On the Linux side the IRQ is handled and cleared. The IRQ bottom handler is a
separate kernel thread responsible for reading the message queue. When the
inference response message is received it updates the status of the inference
and unblocks any waiting user space processes.

![Run inference](docs/kernel_inference.svg "Run inference")

# Multi subsystem

The Ethos-U subsystem is also referred to as the *ML Island*. A device with
multiple subsystems is therefor called both *Multi Subsystem* and *Multi
Island*. A subsystem may contain a single- or multiple NPUs, also referred to as
*multi NPU subsystem*.

The NPUs within a subsystem must be of identical configuration. However, NPUs
belonging to separate subsystems may be of different architectures.

For each subsystem there is a device tree entry, which will result in a separate
device node `/dev/ethosu<nr>` being created by the Ethos-U kernel driver. For
multi NPU subsystems there will still only be one device node per subsystem. The
distribution of inferences within a subsystem is handled by the software running
on the Cortex-M.

Buffers used to store networks, IFMs and OFMs are allocated from the device
node. This is because only the device node knows where to allocate the memory
and how to translate Linux logical addresses to subsystem DMA addresses. As a
consequence buffers, networks and inferences are bound to a device node and
can't be easily moved.

# Licenses

The kernel drivers are provided under a GPL v2 license. All other software
components are provided under an Apache 2.0 license.

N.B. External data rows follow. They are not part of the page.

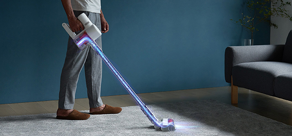 Пылесос оснащен настенным зарядным кронштейном, который заряжает и хранит. Снимаем на чистку, ставим обратно на зарядку. Дополнительный слот расширения с двойной зарядкой может заряжать две батареи одновременно, избегая необходимости частой подзарядки.
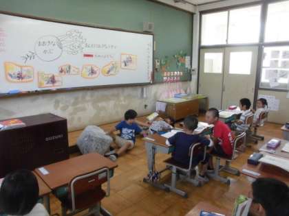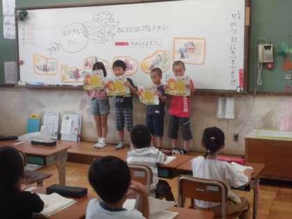 班ごとに「おおきなかぶ」の音読発表をしました。動きをつけたり,声を合わせたり,それぞれ工夫しながら楽しく読むことができました。発表後,感想を交流し合いました。
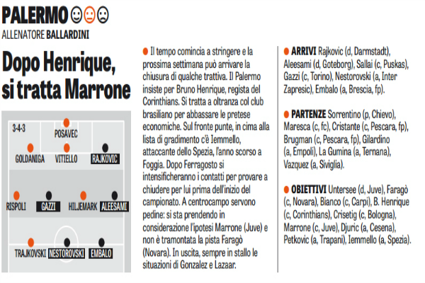 Gazzetta dello Sport: “Punto mercato: Palermo, il tempo comincia a stringere…”
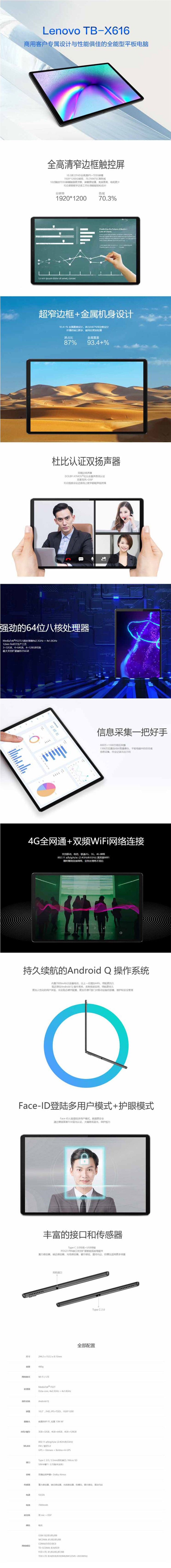 聯(lián)想(Lenovo)TB-X616F WIFI版 4+64 平板/ MediaTek? P22T Octa-core/ 4GB內(nèi)存/ 64GB/WIFI / 10.3英寸???1920x1200 FHD /8MP FF 前置攝像頭+13MP AF 后置攝像頭/2年保修
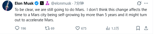 马斯克回应网友关于SpaceX将重心从火星转移至月球的帖子时称:“需要明确的是,我们仍然会推进火星任务。我认为这一改变不会使建设一个能够自我发展的火星城市所需的时间延长超过 5 年,而且最终可能会加速火星任务。”

Please see [LICENSE-APACHE-2.0.txt](LICENSE-APACHE-2.0.txt) and
[LICENSE-GPL-2.0.txt](LICENSE-GPL-2.0.txt) for more information.

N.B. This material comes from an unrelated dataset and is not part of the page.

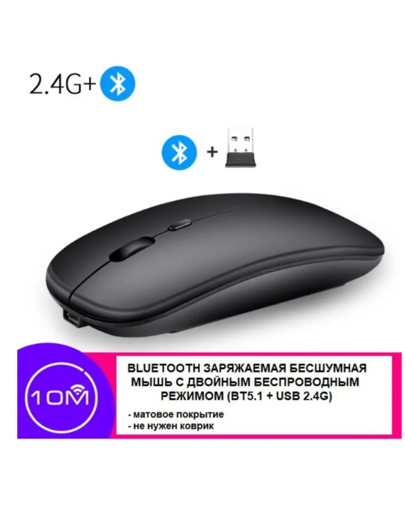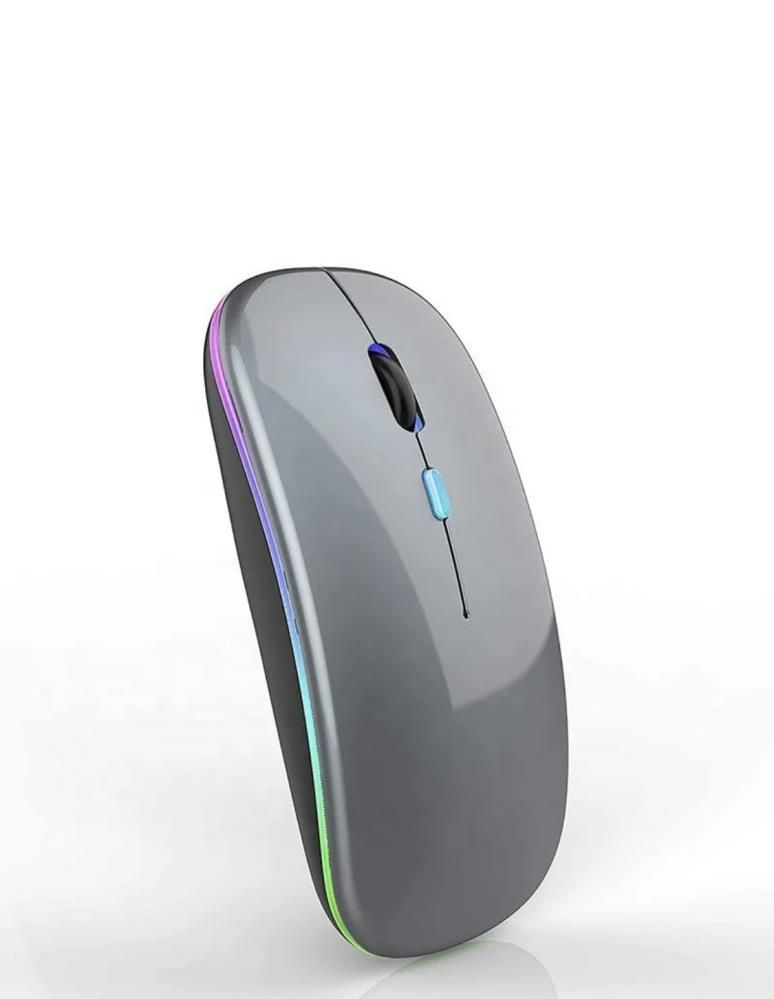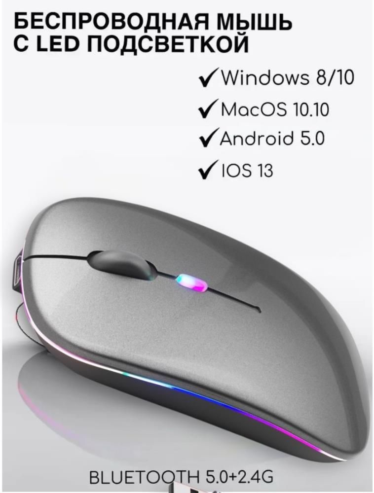Отличная мышка с Двумя типами подключения Bluetooth + беспроводная с USB,2, подсветка, шикарный глянцевый серый 6 фото

The [Userspace API (UAPI)](kernel/uapi/ethosu.h) has a
'WITH Linux-syscall-note' exception to the license. Please see
[Linux-syscall-note](Linux-syscall-note.txt) for more information.

# Contributions

The Arm Ethos-U project welcomes contributions under the Apache-2.0 license.

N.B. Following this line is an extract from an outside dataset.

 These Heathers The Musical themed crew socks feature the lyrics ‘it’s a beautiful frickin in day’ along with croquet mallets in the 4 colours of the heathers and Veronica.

Before we can accept your contribution, you need to certify its origin and give
us your permission. For this process we use the Developer Certificate of Origin
(DCO) V1.1 (https://developercertificate.org).

To indicate that you agree to the terms of the DCO, you "sign off" your
contribution by adding a line with your name and e-mail address to every git
commit message. You must use your real name, no pseudonyms or anonymous
contributions are accepted. If there are more than one contributor, everyone
adds their name and e-mail to the commit message.

```
Author: John Doe \<john.doe@example.org\>
Date:   Mon Feb 29 12:12:12 2016 +0000

Title of the commit

Short description of the change.

Signed-off-by: John Doe john.doe@example.org
Signed-off-by: Foo Bar foo.bar@example.org
```

The contributions will be code reviewed by Arm before they can be accepted into
the repository.

In order to submit a contribution push your patch to
`ssh://<GITHUB_USER_ID>@review.mlplatform.org:29418/ml/ethos-u/ethos-u-linux-driver-stack`.
To do this you will need to sign-in to
[review.mlplatform.org](https://review.mlplatform.org) using a GitHub account
and add your SSH key under your settings. If there is a problem adding the SSH
key make sure there is a valid email address in the Email Addresses field.

# Security

Please see [Security](SECURITY.md).

# Trademark notice

Arm, Cortex and Ethos are registered trademarks of Arm Limited (or its
subsidiaries) in the US and/or elsewhere.